2.2. Clinical and Laboratory Evaluation

Demographic, anthropometric, and laboratory data were collected for each participant on the same day to minimize seasonal effects on 25-hydroxy-vitamin D [25(OH)D] levels. Demographic data comprised gender, age, and smoking habits. Anthropometric measurements included weight and height. Height was determined using a Holtain wall stadiometer, while weight was measured with a calibrated computerized digital scale (K-Tron P1-SR, Onrion LLC, Bergenfield, NJ, USA) to the nearest 0.1 kg. Participants were assessed barefoot and in light clothing. BMI was computed by dividing the participant’s weight in kilograms by the square of their height in meters. A second investigator independently verified the anthropometric assessment.
Blood samples were collected in the morning following a 12 h overnight fast by antecubital venipuncture, and serum samples were kept at −20 °C until they were analyzed. The 25(OH)D levels were evaluated using the COBAS 8000 (e801 immunochemistry module) with electrochemiluminescence method provided by Roche Diagnostics (Mannheim, Germany). Ferritin and IL-6 were measured with electrochemiluminescence innunoassays on ELECSYS analyzer and hs-CRP with a particle-enhanced immunoturbidimetric assay on a COBAS Pure analyzer provided by the same manufacturer.

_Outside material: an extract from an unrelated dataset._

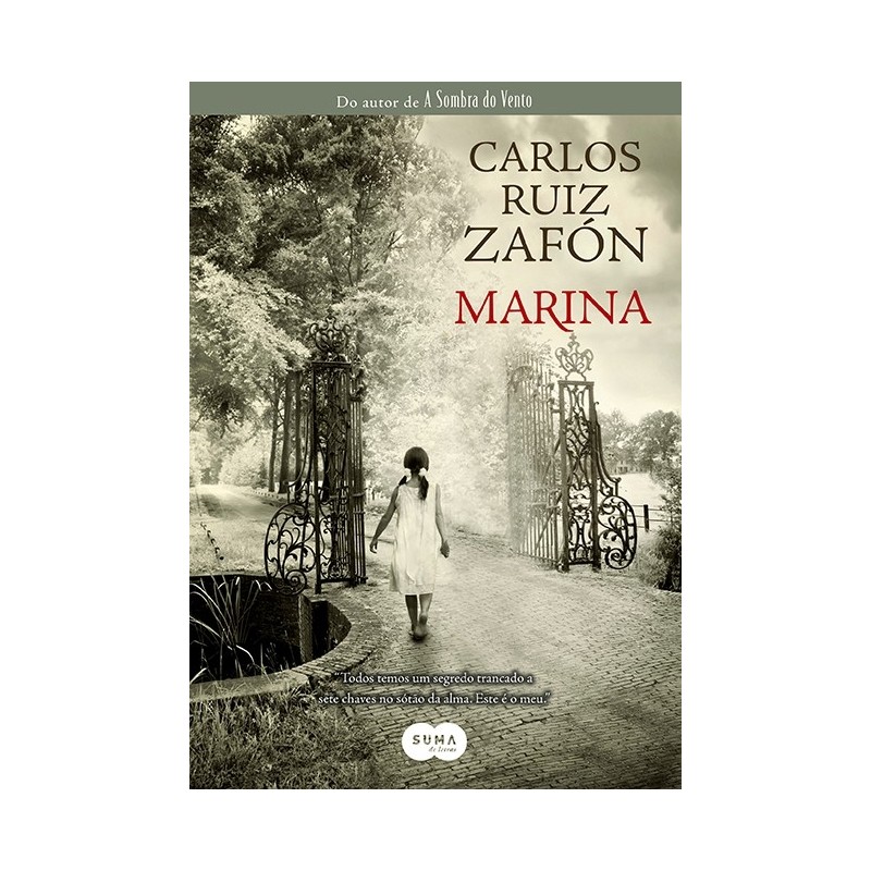 Antes de lançar o best-seller mundial que o consagrou, com mais de 10 milhões de exemplares vendidos, Carlos Ruiz Zafón já tinha escrito diversos outros livros no início de sua carreira. Dentre esses, Marina, que já contém alguns dos traços estilísticos presentes em A Sombra do Vento, é o último antes do grande sucesso literário de Zafón. "De todos os livros que publiquei, Marina é um dos meus favoritos", afirma Zafón. "É possivelmente o mais indefinível e difícil de categorizar de todos os romances que escrevi, e talvez o mais pessoal de todos eles. Neste livro, Zafón constrói um suspense envolvente em que Barcelona é a cidade-personagem, por onde o estudante de internato Óscar Drai, de 15 anos, passa todo o seu tempo livre, andando pelas ruas e se encantando com a arquitetura de seus casarões. É um desses antigos casarões aparentemente abandonados que chama a atenção de Óscar, que logo se aventura a entrar na casa. Lá dentro, o jovem se encanta com o som de uma belíssima voz e por um relógio de bolso quebrado e muito antigo. Mas ele se assusta com uma inesperada presença na sala de estar e foge, assustado, levando o relógio. Dias depois, ao retornar à casa para devolver o objeto roubado, conhece Marina, a jovem de olhos cinzentos que o leva a um cemitério, onde uma mulher coberta por um manto negro visita uma sepultura sem nome, sempre à mesma data, à mesma hora. Os dois passam então a tentar desvendar o mistério que ronda a mulher do cemitério, passando por palacetes e estufas abandonadas, lutando contra manequins vivos e se defrontando com o mesmo símbolo - uma mariposa negra - diversas vezes, nas mais aventurosas situações por entre os cantos remotos de Barcelona. Tudo isso pelos olhos de Óscar, o menino solitário que se apaixona por Marina e tudo o que a envolve, passando a conviver dia e noite com a falta de eletricidade do casarão, o amigável e doente pai da garota, Germán, o gato Kafka, e a coleção de pinturas espectrais da sala de retratos. Em Marina, o leitor é tragado para dentro de uma investigação cheia de mistérios, conhecendo, a cada capítulo, novas pistas e personagens de uma intrincada história sobre um imigrante de Praga que fez fama e fortuna em Barcelona e teve com sua bela esposa um fim trágico. Ou pelo menos é o que todos imaginam que tenha acontecido, a não ser por Óscar e Marina, que vão correr em busca da verdade - antes de saber que é ela que vai ao encontro deles, como declara um dos complexos personagens do livro.

Beta-defensin 2 levels and presepsin were measured using commercial kits based on sandwich enzyme-linked immunosorbent assay (ELISA) technology (Wuhan Fine Biotech Co, Ltd., Wuhan, China).

2.3. Statistical Analysis

Categorical variables were represented by frequencies and percentages, whereas scale measurements were conveyed using means and standard deviations. Following normality tests, medians and ranges were employed to infer statistics across the groups of interest, using the Mann–Whitney test for pairwise comparisons. Spearman’s Rho correlation coefficient was evaluated to assess statistical significance between outcome levels and 25(OH)D and age. Pearson’s chi-square test was used to explore associations between obesity and both vitamin D sufficiency as well as intake. A linear regression model was constructed to identify independent predictors for hs-CRP levels when comparing obese to non-obese groups, incorporating factors such as smoking, age, gender, 25(OH)D levels, and vitamin D intake into the analysis. A significance level of 0.05 was set for all tests, and the analyses were conducted using SPSS version 26.0 (IBM Corp., Armonk, NY, USA).

2.4. Ethical Aspects

The research adhered to the principles outlined in the Declaration of Helsinki. All participants provided their informed written consent before entering the study. The research protocol received approval from the Aristotle University of Thessaloniki Bioethics Committee (approval number 192, approved on 5 June 2020).

3. Results

3.1. Characteristics of the Study Subjects

The study population consisted of 81 individuals, among whom 61.7% were females. The obesity group included 27 subjects, with 34 individuals in the overweight group and 20 participants in the control group. The study subjects had an average age of 47.48 years, an average body weight of 81.63 kg, and an average BMI of 28.81 kg/m2. The mean BMIs in the control, overweight, and obesity groups were 22.53, 27.45, and 35.18 kg/m2, respectively. One third (33.3%) of the participants were taking vitamin D supplements, which were prescribed by a primary care physician or purchased over the counter. As anticipated, there were significant differences in anthropometric indices between the three groups (p < 0.01 for all comparisons). However, there were no substantial differences between the groups in terms of age, gender distribution, and smoking habit, with all p-values exceeding 0.05. Additionally, average 25(OH)D levels and duration of supplementation did not differ among the groups (p = 0.179 and p = 0.324, respectively). Supplementary Table S1 displays the study population’s characteristics sorted by BMI categories.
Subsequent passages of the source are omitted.